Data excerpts
════════════════
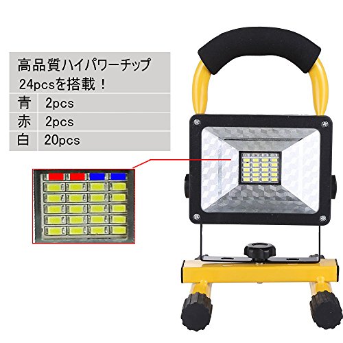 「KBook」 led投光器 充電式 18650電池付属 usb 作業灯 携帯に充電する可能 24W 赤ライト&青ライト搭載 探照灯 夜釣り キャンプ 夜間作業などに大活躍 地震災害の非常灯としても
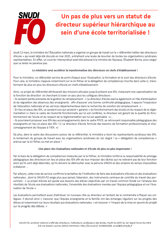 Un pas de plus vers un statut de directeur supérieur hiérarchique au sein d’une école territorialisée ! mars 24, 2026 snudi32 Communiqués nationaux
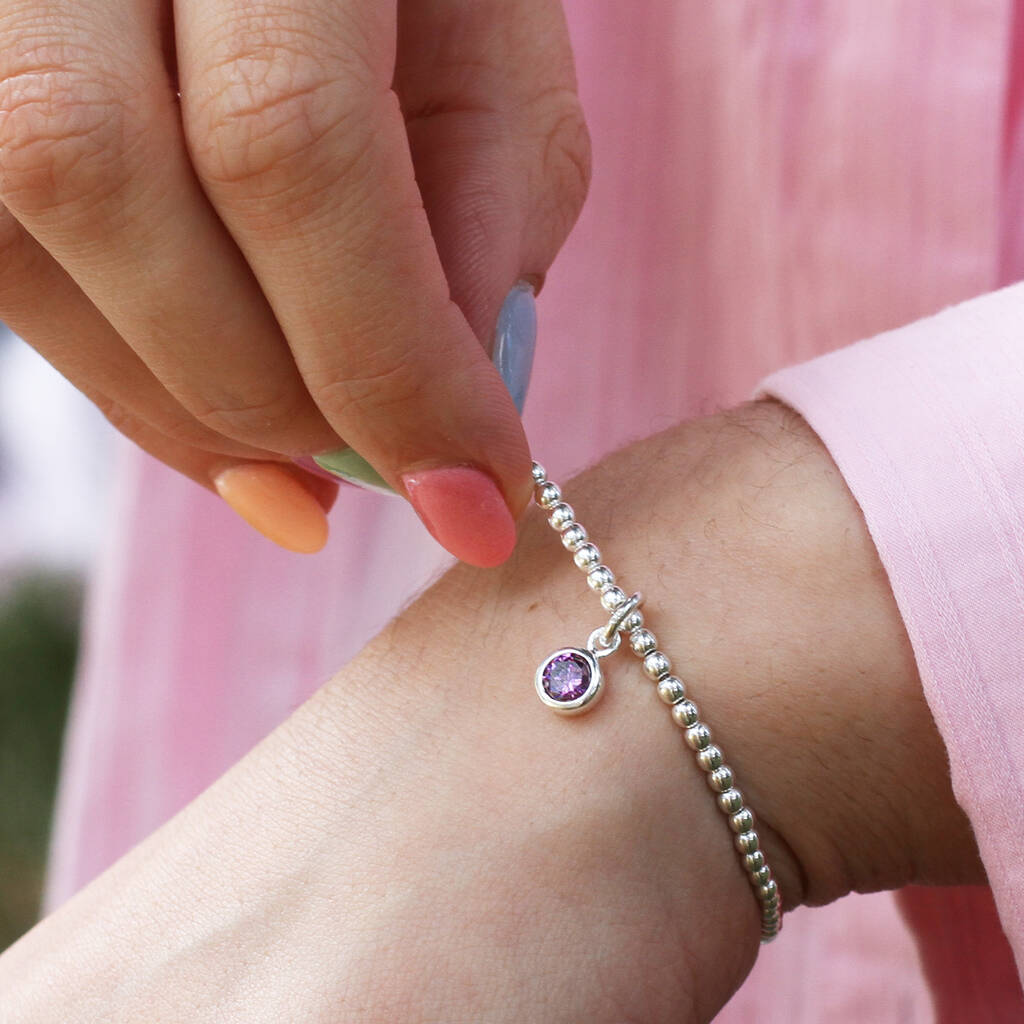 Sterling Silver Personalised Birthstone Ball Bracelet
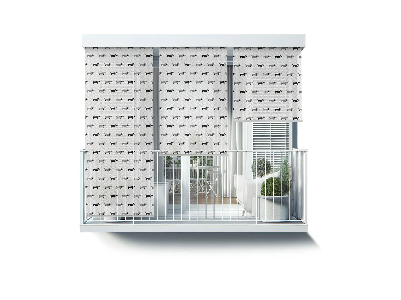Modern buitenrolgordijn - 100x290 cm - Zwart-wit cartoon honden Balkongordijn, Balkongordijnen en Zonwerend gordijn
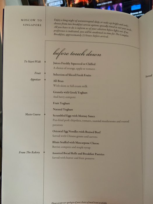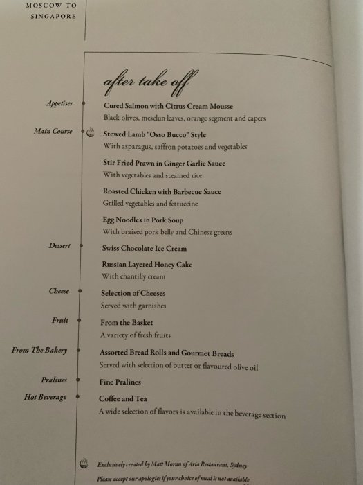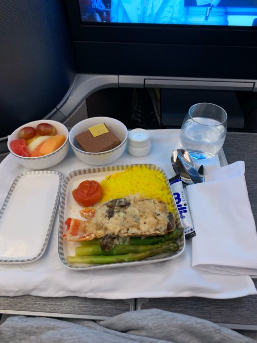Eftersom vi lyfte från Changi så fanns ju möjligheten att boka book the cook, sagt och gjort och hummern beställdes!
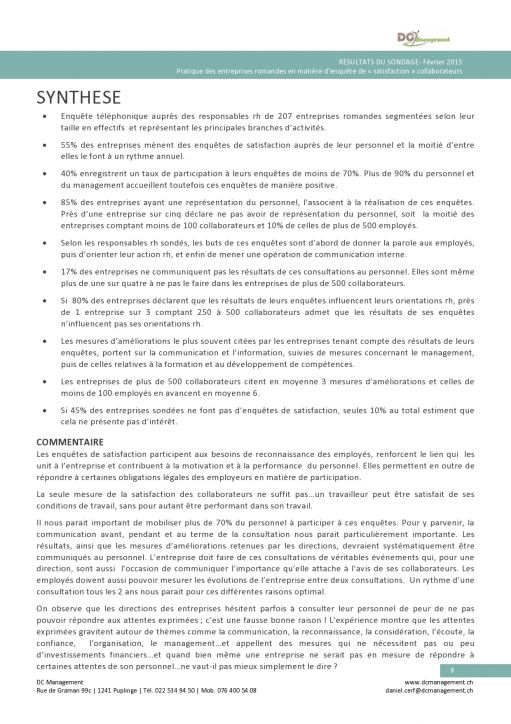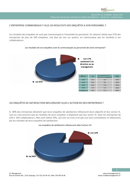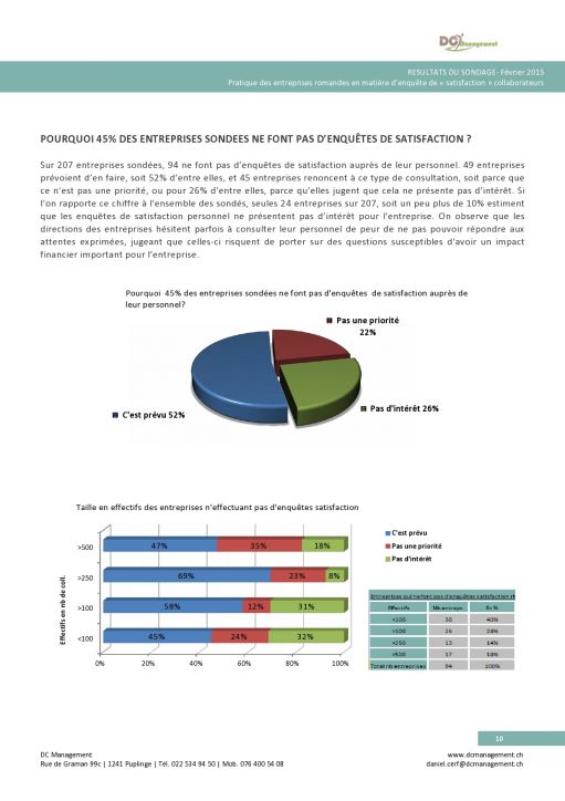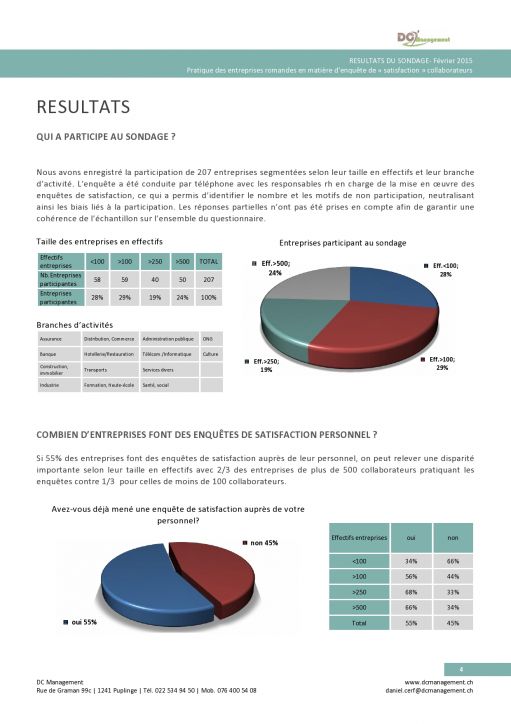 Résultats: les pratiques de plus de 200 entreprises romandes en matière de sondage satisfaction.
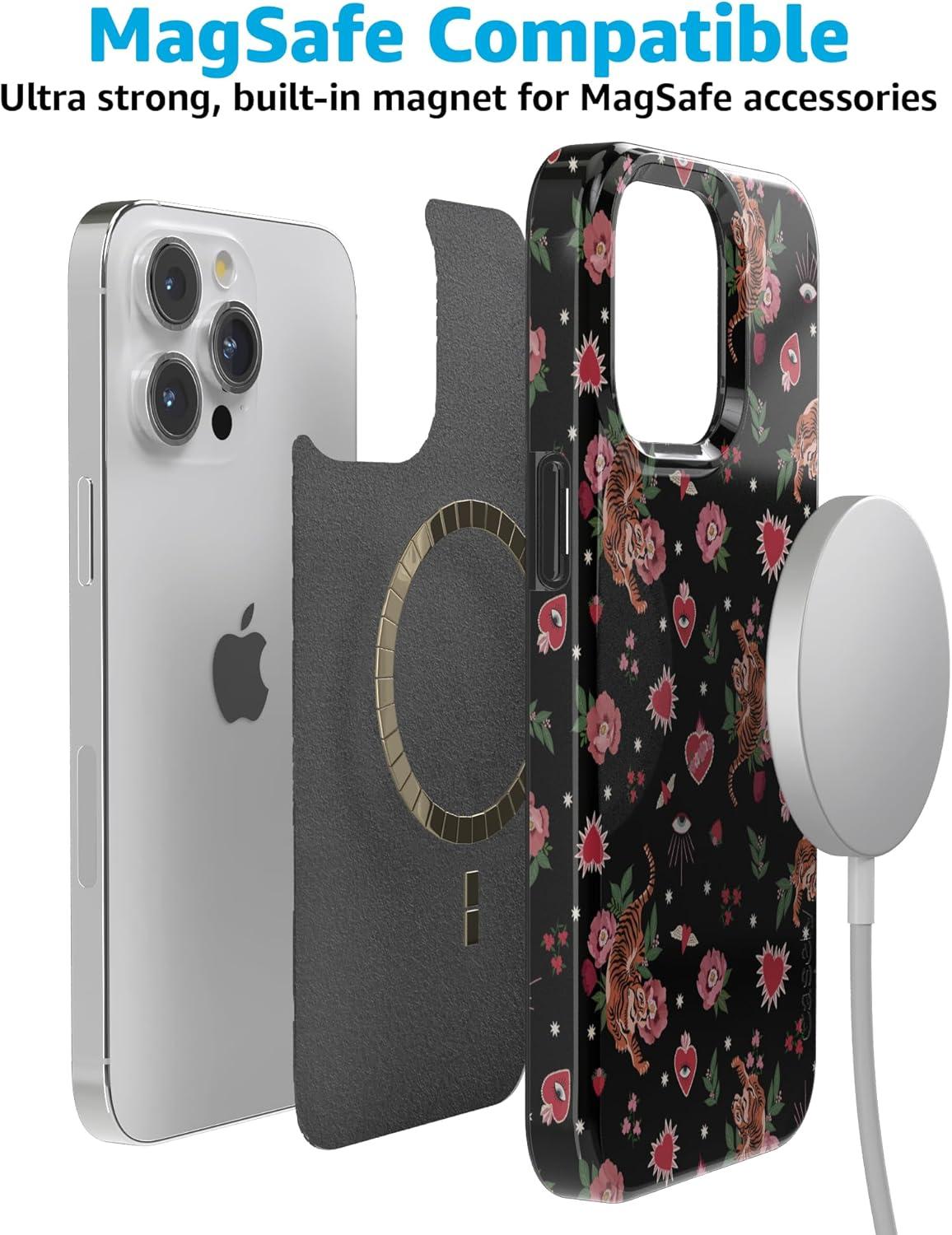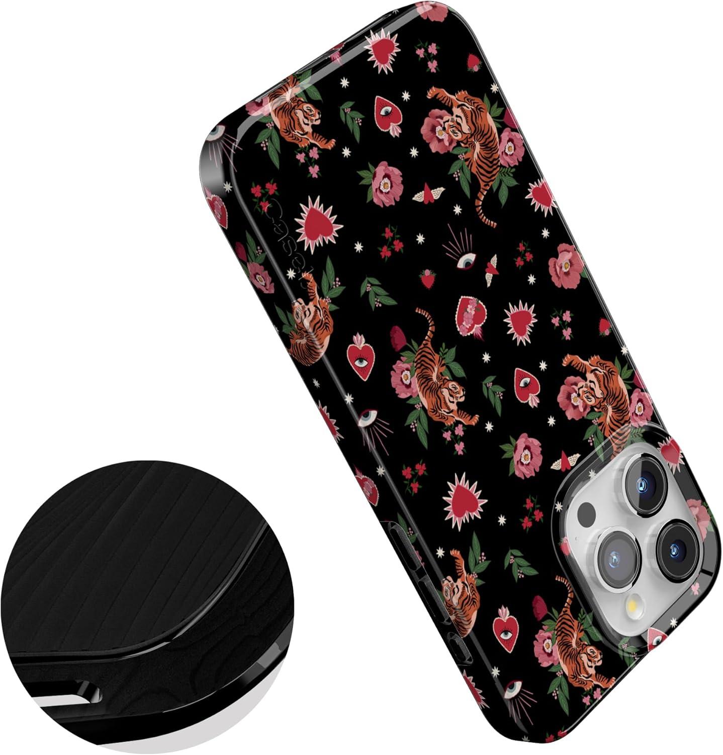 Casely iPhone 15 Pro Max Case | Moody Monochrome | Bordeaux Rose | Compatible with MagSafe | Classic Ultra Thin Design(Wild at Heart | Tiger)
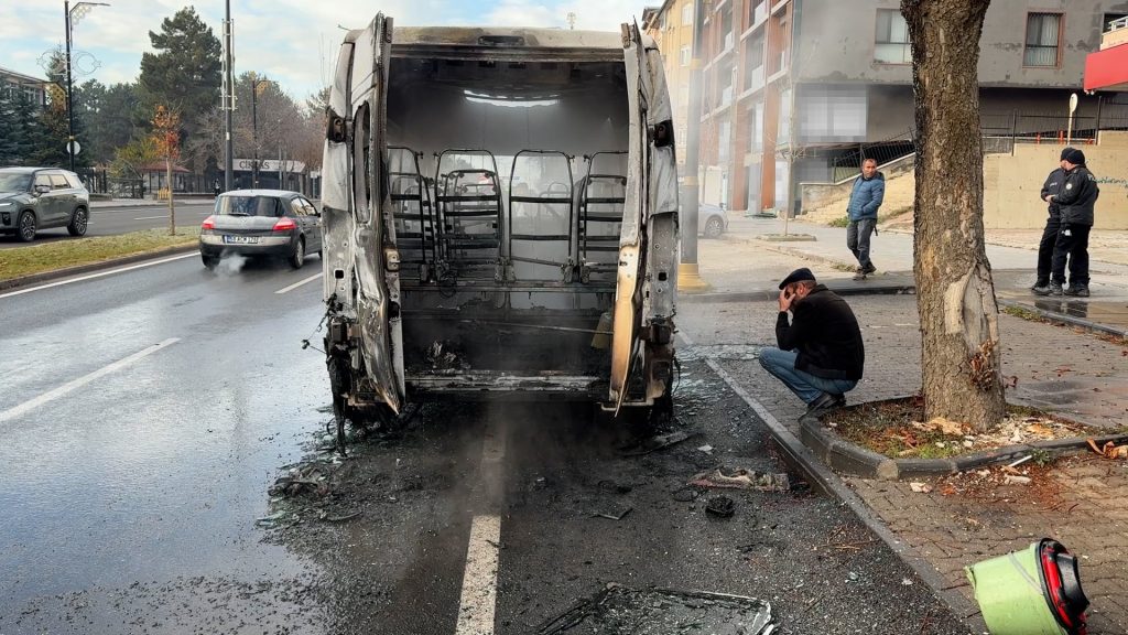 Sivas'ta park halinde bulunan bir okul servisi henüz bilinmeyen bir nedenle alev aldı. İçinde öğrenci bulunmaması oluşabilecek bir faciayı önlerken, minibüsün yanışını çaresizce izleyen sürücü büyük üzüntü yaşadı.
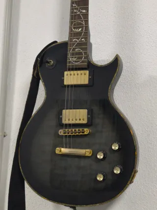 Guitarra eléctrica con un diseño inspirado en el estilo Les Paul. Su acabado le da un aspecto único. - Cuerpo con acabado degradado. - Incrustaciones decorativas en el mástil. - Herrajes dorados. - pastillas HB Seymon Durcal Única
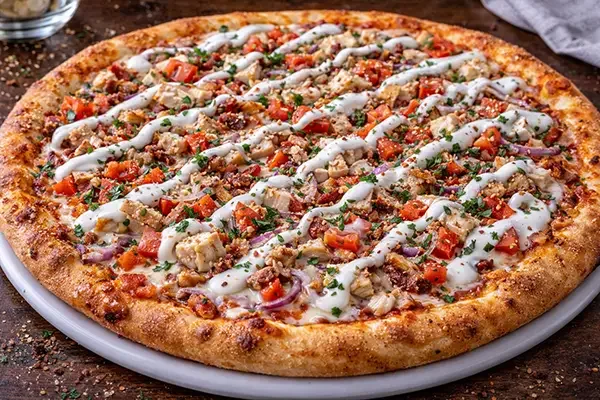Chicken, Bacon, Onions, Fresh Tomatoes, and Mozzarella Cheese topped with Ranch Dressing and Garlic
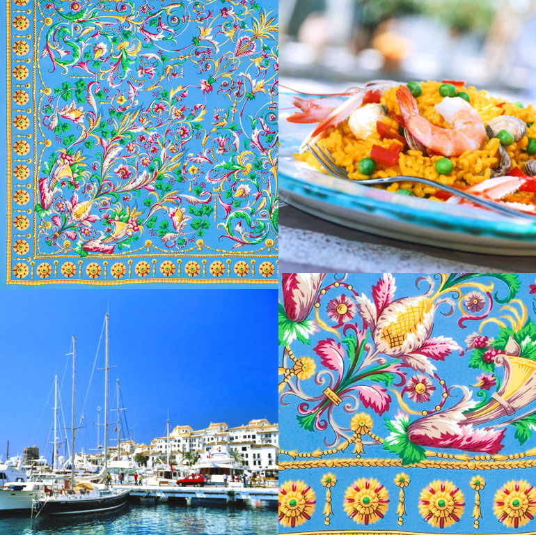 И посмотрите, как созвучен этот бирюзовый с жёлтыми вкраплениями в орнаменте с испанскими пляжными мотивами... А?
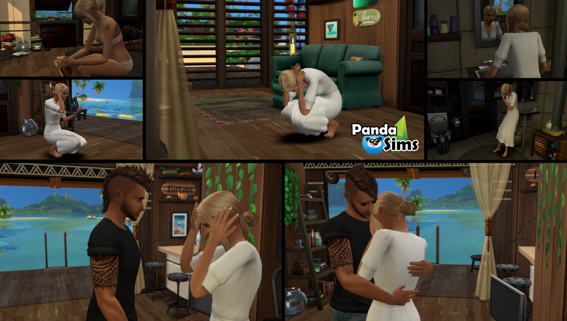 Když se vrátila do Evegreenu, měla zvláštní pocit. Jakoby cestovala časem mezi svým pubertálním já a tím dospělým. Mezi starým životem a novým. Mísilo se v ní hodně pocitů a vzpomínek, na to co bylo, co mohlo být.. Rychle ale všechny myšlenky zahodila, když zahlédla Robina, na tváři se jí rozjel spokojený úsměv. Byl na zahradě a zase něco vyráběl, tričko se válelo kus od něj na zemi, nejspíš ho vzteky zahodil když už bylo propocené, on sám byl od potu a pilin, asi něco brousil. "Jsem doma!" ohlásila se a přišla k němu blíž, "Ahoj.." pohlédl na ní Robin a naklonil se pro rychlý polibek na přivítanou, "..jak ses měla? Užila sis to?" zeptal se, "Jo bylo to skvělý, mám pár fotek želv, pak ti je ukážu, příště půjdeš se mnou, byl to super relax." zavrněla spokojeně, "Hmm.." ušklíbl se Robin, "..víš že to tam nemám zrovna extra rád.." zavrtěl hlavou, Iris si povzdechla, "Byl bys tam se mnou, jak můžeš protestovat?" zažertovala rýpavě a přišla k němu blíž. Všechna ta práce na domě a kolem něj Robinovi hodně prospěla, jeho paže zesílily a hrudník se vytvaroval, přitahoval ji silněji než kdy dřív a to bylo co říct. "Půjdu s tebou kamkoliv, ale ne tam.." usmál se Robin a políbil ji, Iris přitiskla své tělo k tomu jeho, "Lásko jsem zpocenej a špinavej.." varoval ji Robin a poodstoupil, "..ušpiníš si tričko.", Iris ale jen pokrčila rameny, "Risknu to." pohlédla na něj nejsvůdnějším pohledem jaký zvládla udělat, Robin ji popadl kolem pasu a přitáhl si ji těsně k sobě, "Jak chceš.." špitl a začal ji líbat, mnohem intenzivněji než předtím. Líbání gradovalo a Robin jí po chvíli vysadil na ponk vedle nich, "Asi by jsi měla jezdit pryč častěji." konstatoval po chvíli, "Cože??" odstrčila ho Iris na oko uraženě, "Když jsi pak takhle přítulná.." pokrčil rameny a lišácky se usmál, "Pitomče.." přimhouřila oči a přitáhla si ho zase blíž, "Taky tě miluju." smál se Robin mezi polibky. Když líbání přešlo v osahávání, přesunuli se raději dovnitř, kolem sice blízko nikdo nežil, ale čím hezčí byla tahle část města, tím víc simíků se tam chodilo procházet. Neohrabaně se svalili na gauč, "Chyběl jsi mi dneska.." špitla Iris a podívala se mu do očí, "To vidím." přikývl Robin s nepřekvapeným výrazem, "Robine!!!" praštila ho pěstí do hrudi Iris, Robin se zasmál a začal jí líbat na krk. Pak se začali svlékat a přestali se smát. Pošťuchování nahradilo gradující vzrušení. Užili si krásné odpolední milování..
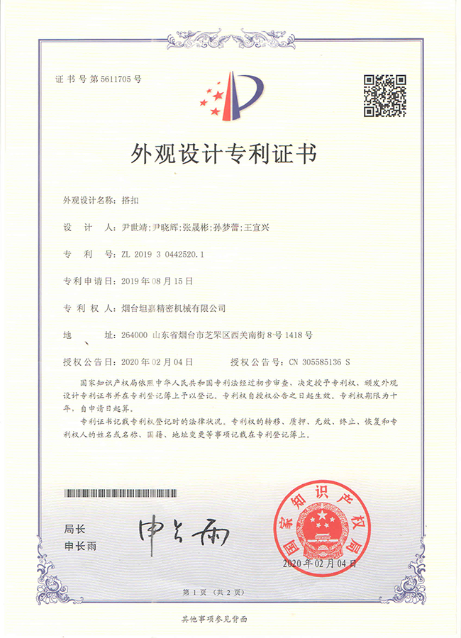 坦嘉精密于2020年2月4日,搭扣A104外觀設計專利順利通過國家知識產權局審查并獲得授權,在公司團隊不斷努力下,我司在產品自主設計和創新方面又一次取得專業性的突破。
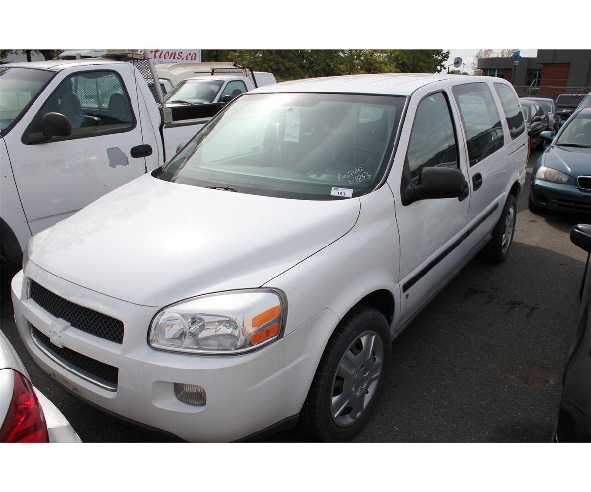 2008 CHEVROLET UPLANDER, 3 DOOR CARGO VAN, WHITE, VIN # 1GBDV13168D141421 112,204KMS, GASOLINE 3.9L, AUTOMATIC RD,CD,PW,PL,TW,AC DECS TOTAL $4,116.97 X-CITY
════════════════
Problem:
Transcribe, from the records above, the first line and every line after it up to and including the line with "И посмотрите, как"; omit pictures.

Response for this exercise:
 「KBook」 led投光器 充電式 18650電池付属 usb 作業灯 携帯に充電する可能 24W 赤ライト&青ライト搭載 探照灯 夜釣り キャンプ 夜間作業などに大活躍 地震災害の非常灯としても
 Un pas de plus vers un statut de directeur supérieur hiérarchique au sein d’une école territorialisée ! mars 24, 2026 snudi32 Communiqués nationaux
 Sterling Silver Personalised Birthstone Ball Bracelet
Modern buitenrolgordijn - 100x290 cm - Zwart-wit cartoon honden Balkongordijn, Balkongordijnen en Zonwerend gordijn
Eftersom vi lyfte från Changi så fanns ju möjligheten att boka book the cook, sagt och gjort och hummern beställdes!
 Résultats: les pratiques de plus de 200 entreprises romandes en matière de sondage satisfaction.
 Casely iPhone 15 Pro Max Case | Moody Monochrome | Bordeaux Rose | Compatible with MagSafe | Classic Ultra Thin Design(Wild at Heart | Tiger)
 Sivas'ta park halinde bulunan bir okul servisi henüz bilinmeyen bir nedenle alev aldı. İçinde öğrenci bulunmaması oluşabilecek bir faciayı önlerken, minibüsün yanışını çaresizce izleyen sürücü büyük üzüntü yaşadı.
 Guitarra eléctrica con un diseño inspirado en el estilo Les Paul. Su acabado le da un aspecto único. - Cuerpo con acabado degradado. - Incrustaciones decorativas en el mástil. - Herrajes dorados. - pastillas HB Seymon Durcal Única
Chicken, Bacon, Onions, Fresh Tomatoes, and Mozzarella Cheese topped with Ranch Dressing and Garlic
 И посмотрите, как созвучен этот бирюзовый с жёлтыми вкраплениями в орнаменте с испанскими пляжными мотивами... А?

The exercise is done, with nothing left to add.